The Farm Board began its price-pegging policy through open market operations early in 1930 when it bought in the 1929 wheat crop surplus (TIME, March 10). Since last Autumn it has been buying heavily into the 1930 crop. Fortified with its full appropriation -- $500,000,000 -- from the Treasury, its actual and future wheat holdings are now estimated above 200,000,000 bu. Its operations have kept domestic prices of the 1930 crop from 20-c- to 35-c- per bu. above the world level. Until last week the biggest question was: "Will the Board continue price-pegging when the 1931 wheat crop starts rolling in upon the market about July 1?" The answer: "It will NOT." Result: U. S. wheat prices must now adjust themselves downward to the world's supply & demand level. Declared the Board:

"This [price-pegging] policy was adopted to meet a most acute emergency. It has made wheat growers many millions. . . . But [the Board] cannot indefinitely buy more than it sells or indefinitely hold what it has bought. It cannot follow a regular policy of buying at prices above the market, paying heavy storage charges and selling below cost."

Wheat prices in the Chicago pit slumped sensationally.

Explained Chairman Stone by way of justifying the Board's old policy: "Let's assume we're going to lose $50,000,000 out of the Treasury. . . . [Without our intervention] I believe prices would have gone to 40-c- per bu.

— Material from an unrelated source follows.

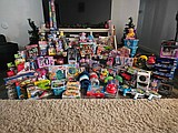 A mountain of toy donations in Jeannie Austin’s living room as she prepared for the …

There would have been many bank failures . . . a debacle."

Discouraging reports reached the Board on the amount of crop acreage reduction. Southwestern planting foreshadowed a harvest of 45,000,000 bu. over last year.

Meanwhile President Hoover found a man to take the place of Alexander Legge and thus complete the Board's membership. He was 67-year-old Samuel Henry ("Sam") Thompson of Quincy, Ill., president of the potent American Farm Bureau Federation. Mr. Thompson owns a 500-acre corn farm which his son operates. He heads a country bank but for years his real profession has been organizing agriculture. In 1924 he was advocating the Equalization Fee form of Farm Relief before a House Committee when a Congressman challenged his right to speak for farmers. Mr. Thompson hustled back to Illinois, returned to Washington and the committee 48 hours later with a petition in which some 67,000 husbandmen authorized him to represent their views. As a representative of organized agriculture he was appointed to the Farm Board. His prime tenet: Relieve farmers and Depression will fade away.